Low vision is a loss of eyesight that makes everyday tasks difficult, such as reading, watching television, driving a car, or recognizing faces. Total blindness is very unusual and most patients can maintain their independence and perform many of their former visual tasks with assistance and flexibility. When vision cannot be improved sufficiently with glasses, medications, laser, or surgery, we attempt to help patients get the best use of their remaining vision. Depending on the degree and pattern of visual loss, patients may benefit from visual or non-visual aids.

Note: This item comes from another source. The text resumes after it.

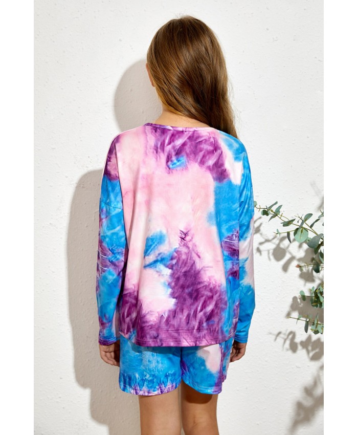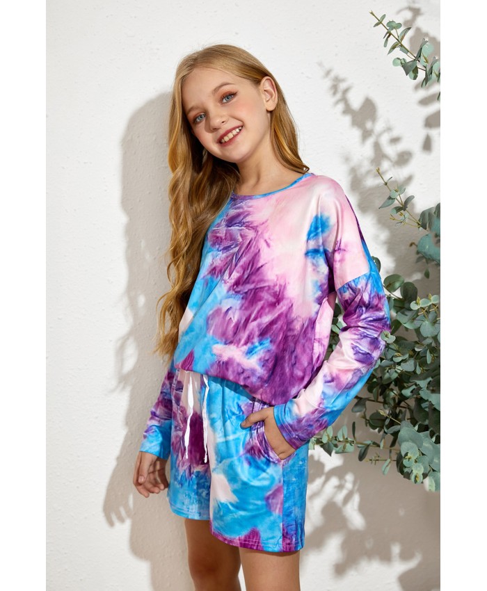 Purple Little Girl Long Sleeve Pullover and Drawstring Shorts Set
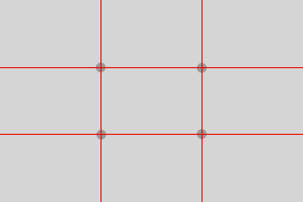 L'incrocio delle linee genera di fatto quattro punti, detti punti di fuoco, focali o di forza. Una buona composizione prevede di posizionare proprio in corrispondenza di questi punti(anche approssimativamente) il proprio soggetto. Anche i paesaggi non sfuggono a questa regola, sebbene spesso non vi sia un soggetto particolare, motivo per cui spesso si tende a far coincidere orizzonte o linee ben definite del paesaggio con una delle linee di forza orizzontali. Nel caso proposto in seconda pagina si noterà invece come l'inserimento di alcuni elementi non sia stato casuale, ma in rispetto delle indicazioni fornite dalla regola dei terzi. La riproponiamo qui per comodità:

  • Patterns of Visual Loss

    ● Fine central vision.● Side vision.● Contrast sensitivity.● Night vision.● Peripheral vision.● Color vision.When visual loss is severe in both eyes, patients may experience visual illusions of the Charles Bonnet Syndrome that should not be confused with dementia, hallucinations or dementia.

  • Low Vision Treatment

    Low Vision may be treated with bright lightings, optical or electronic aids. Different solutions are recommended by low vision specialists depending on the patient's vision, needs and abilities. Losing vision does not mean giving up your activities, but it may require new ways of doing them. The average patient requires 3 or 4 devices to perform most activities. When optical magnifiers do not work, electronic aids such as a CCTV, Kindle® or iPad® may be helpful. Sometimes it is just easier to use talking books. There are numerous programs available for smartphones. Some cases are referred to low vision specialists. If peripheral vision is limited then ambulatory training will be suggested. An occupational therapist, experienced in working with low vision patients, can come to your home to assist you in organizing your activities and address your needs.

  • Legal Blindness

    Patients may be classified legally blind if they have less than 20/200 best corrected visual acuity with both eyes together or limited visual fields. Most patients who are legally blind are still able to do most activities of daily living with their existing vision. Being classified as legally blind will result in the loss of your driver's license but may entitle you to a free low-vision evaluation and a Federal Tax Deduction. You can get a New York License for identification purposes. The Retina Group of New York can file this paperwork.